Before this devolves into another pissing contest between the east and west factions, I feel I should reiterate a point here, and that is that no matter where you live in the Phoenix Metro area, the odds of you paying a premium price to go see a crappy sports product are dismally low.
It's that way with hockey, baseball, football, basketball, soccer, auto racing, golf, lacrosse (remember the Sting?), etc. The only sports that have a truly devoted-at-all-costs built-in audience in Arizona are ASU and U of A athletics. For everything else, there's just too much other stuff to do in this town, which makes inconveniencing oneself and one's wallet around a terrible product very unsatisfactory. Why would
@azcanuck drive all the way out to GRA to see a game like the one against Calgary? Why would I drive 1.5 hours to Tempe to see them do something similar should the new barn go in there?
Fact is, part of the reason why Canadian franchises do so well is that they've had a century of hockey being the only damn thing to do in all that ice and snow during the late fall, winter, and early spring. During those same months, Arizona has the best weather in North America - so the incentive to stuff yourself into a hockey arena to watch a bunch of twenty-something pro athletes making multiples of your annual salary putzing around lackadaisically just isn't there like it might be in, say, Minneapolis, Chicago, or Winnipeg.
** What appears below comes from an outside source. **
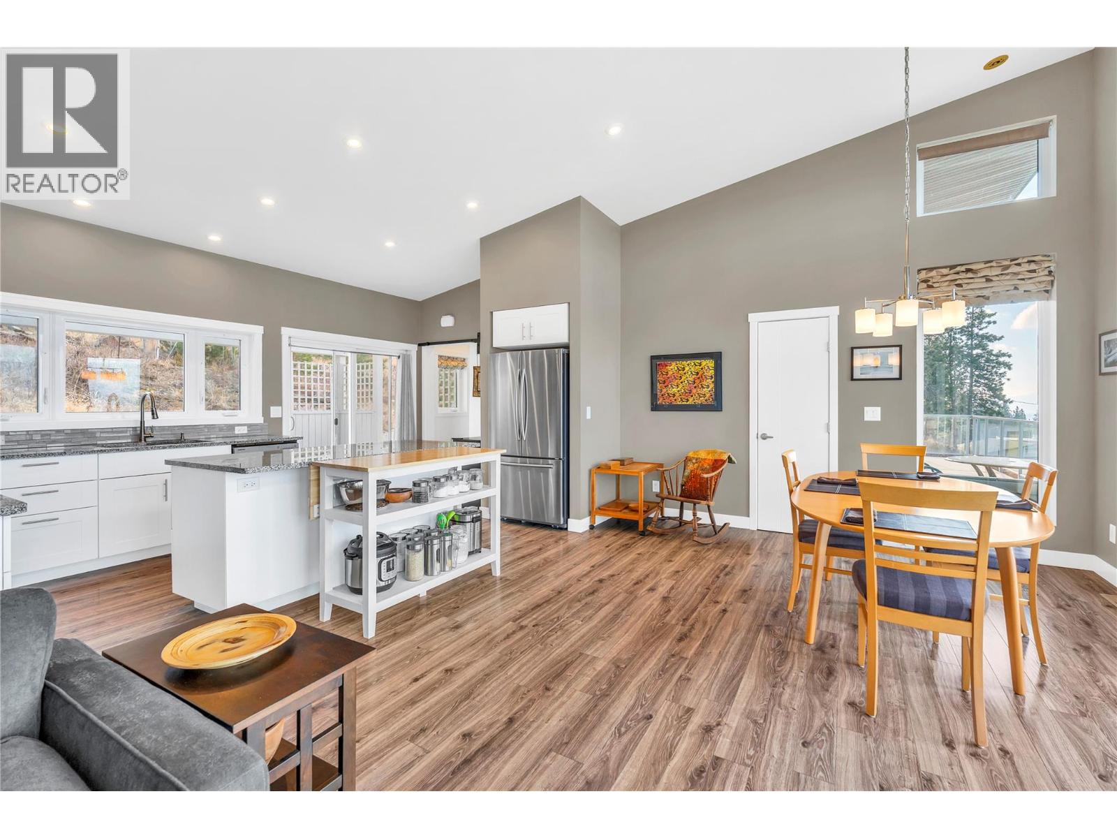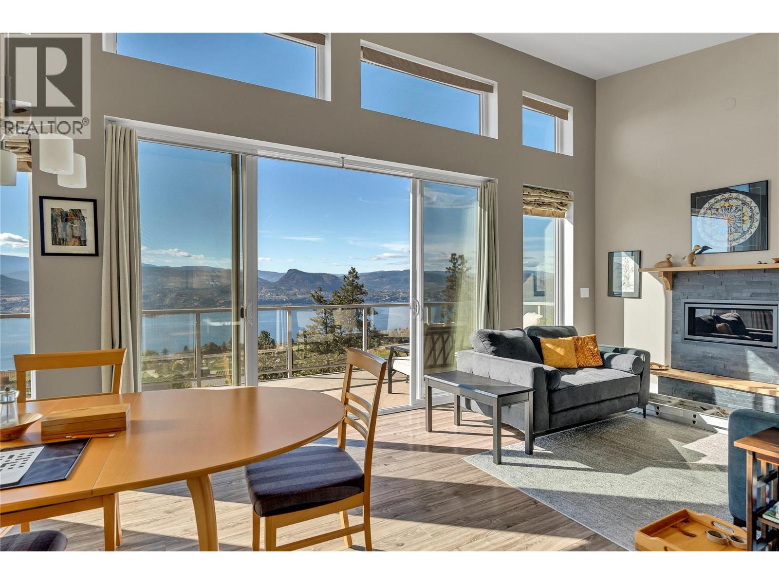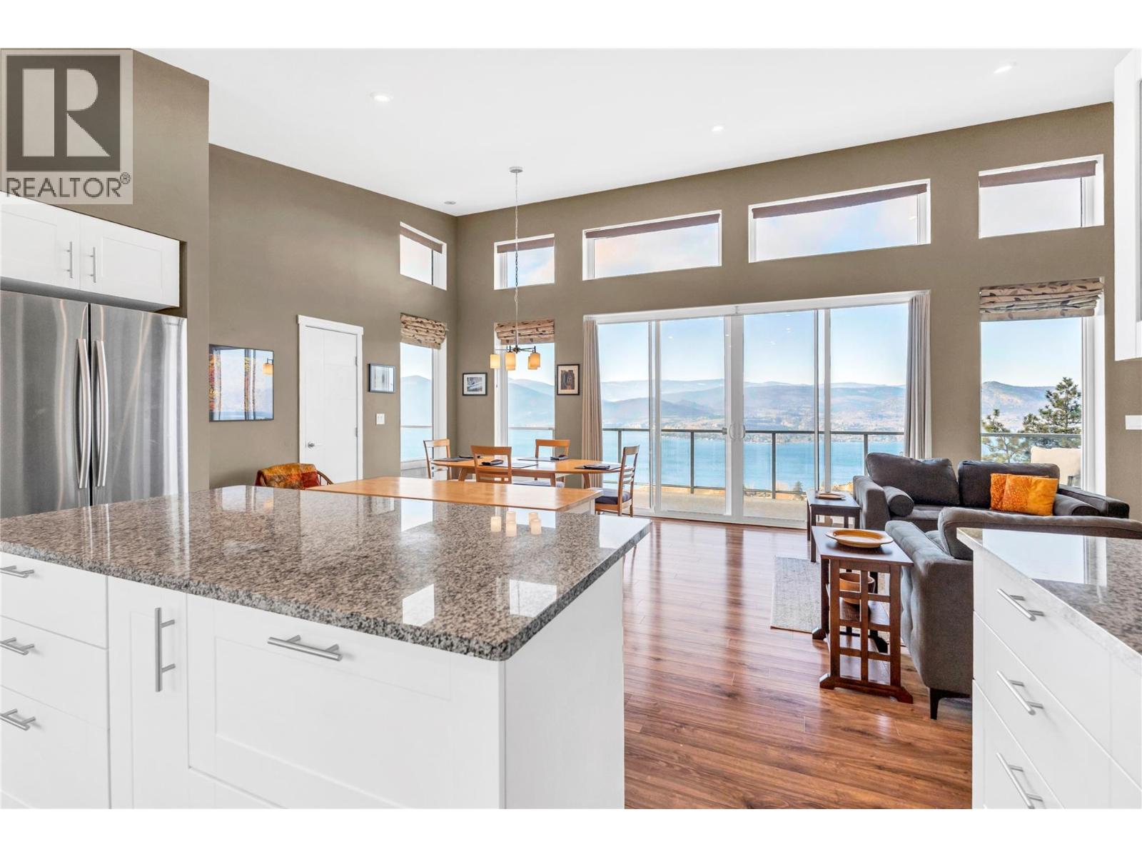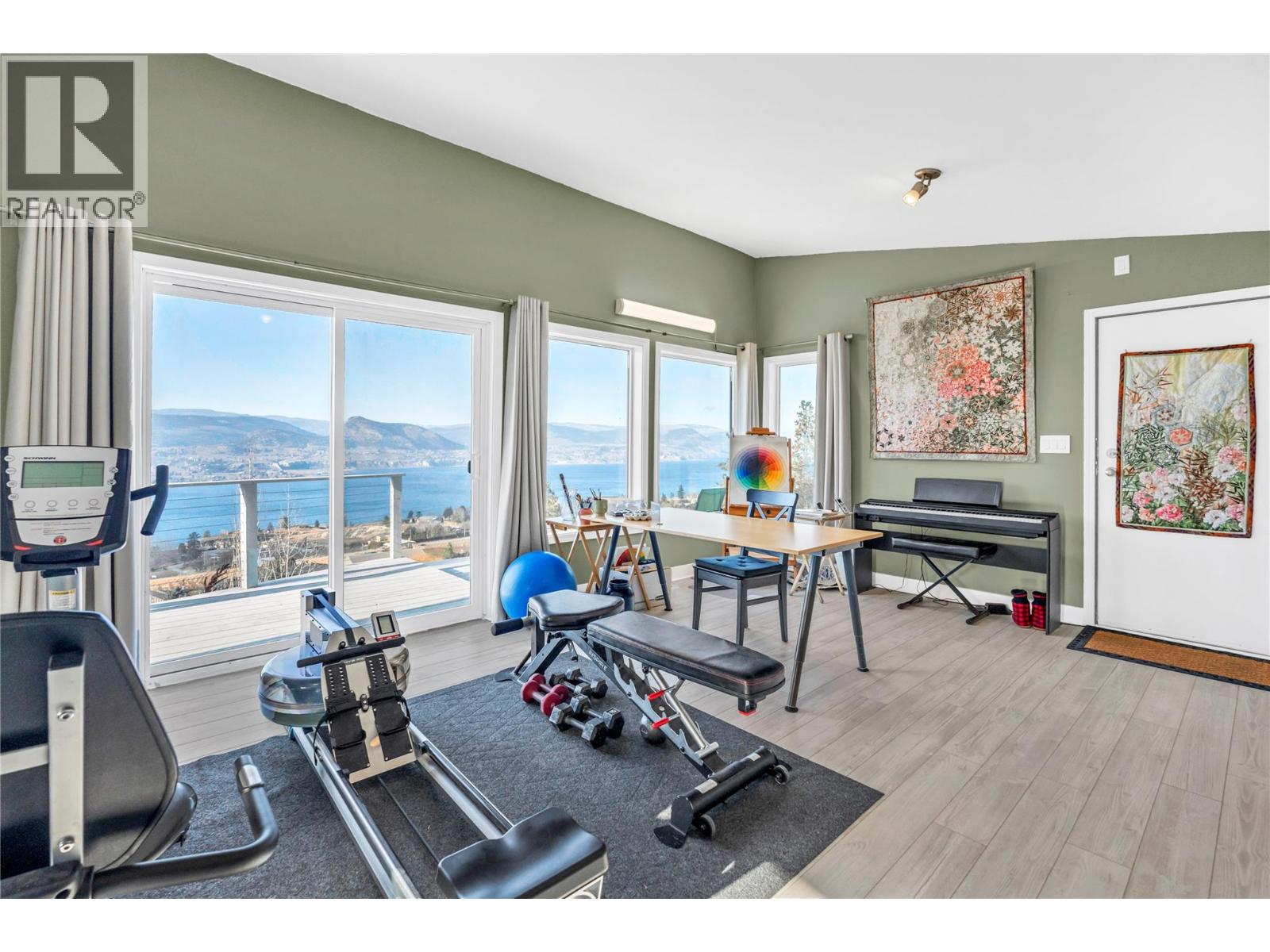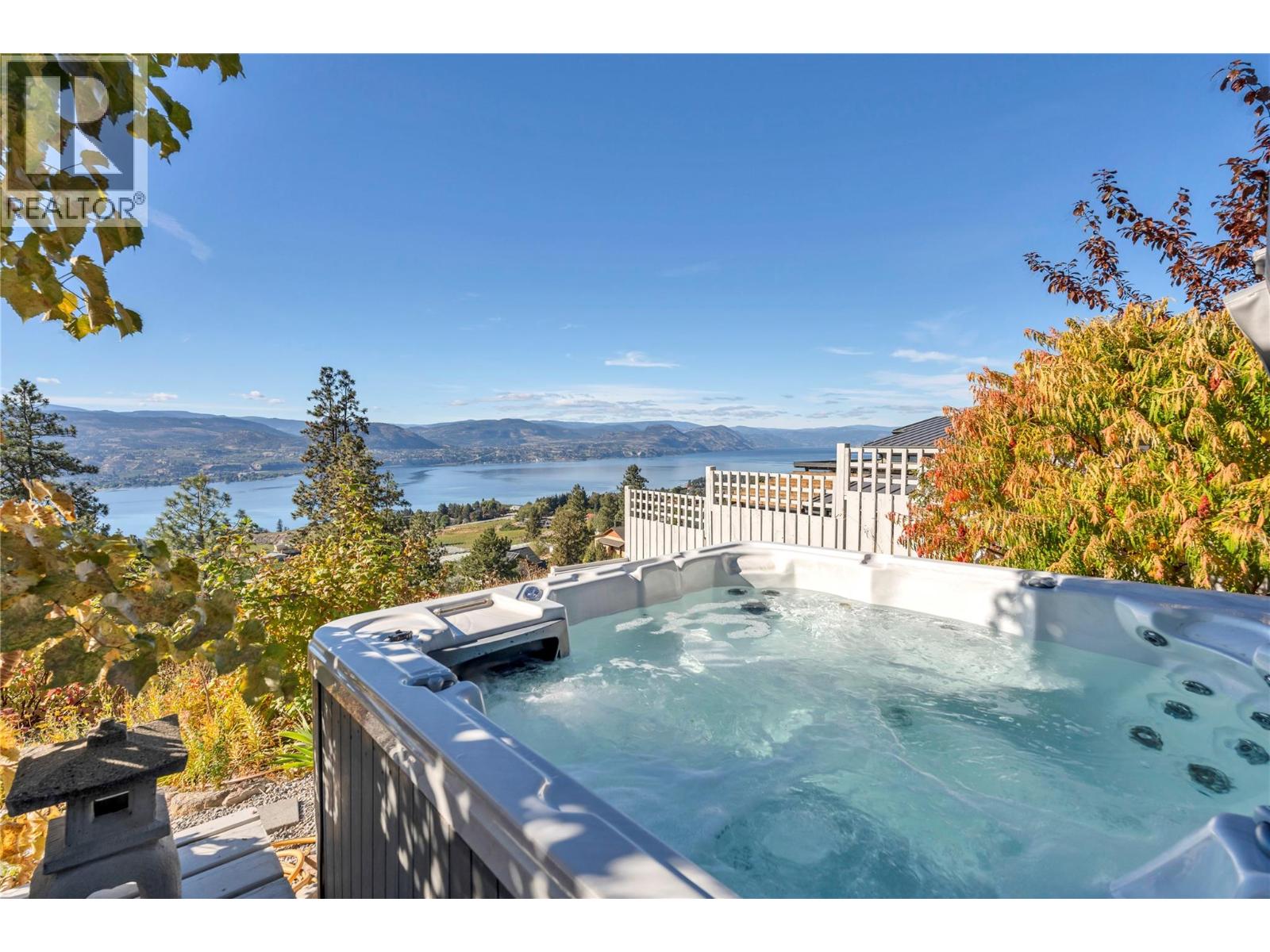 Welcome to the Singing Marmot: A rare opportunity to own a breathtaking lakeview estate on the exclusive Naramata Bench. This stunning family home captures unobstructed panoramic views of Okanagan Lake, vineyards, and city lights. Built in 2016, the home offers 5 bedrooms and 4 full bathrooms, with an airy open-concept layout featuring soaring ceilings and a seamless kitchen, dining, and living space perfect for entertaining or quiet evenings soaking in the view. The current floor plan includes a successful and established B&B, offering excellent flexibility for income generation or multi-generational living. Set on 1.527 acres, the property is a private oasis with multiple expansive decks designed to showcase the million-dollar views. A hobby vineyard with three red grape varietals and several mature fruit trees add charm and lifestyle appeal that truly sets this property apart. Additional highlights include a heated double garage, ample outdoor parking, and a separate 440 sq ft heated and insulated music/fitness studio complete with high-speed internet ideal for creatives, remote work, or a private retreat. Backing onto the KVR Rail Trail, this property offers direct access to world-class hiking and biking, making it a true lifestyle home. Properties like this combining views, acreage, privacy, and trail access are exceptionally rare. (id:14735)
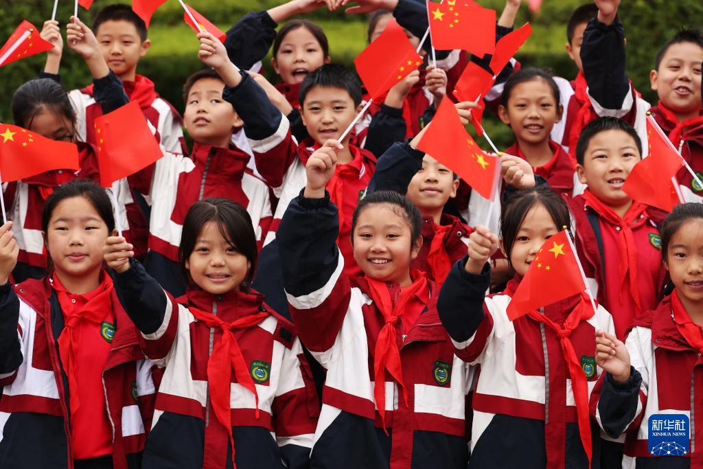 10月1日,在重庆市黔江区大众广场的升国旗仪式现场,少先队员挥舞国旗,祝福祖国。

The incremental gains of an arena closer to a specific knot of die-hard hockey fans won't be enough to change this franchise's fortunes if the ownership remains as parsimonious and raggedy as it has been since the bankruptcy. Even if the team were to break even, Barroway doesn't have enough discretionary income to free up to do anything major. So what we should be doing - rather than putting our hopes and dreams on the head of a pin stuck in a map - is crossing our fingers that whoever buys out Barroway has a war chest that can help drag this benighted franchise out of the wallow it's been stuck in for a decade.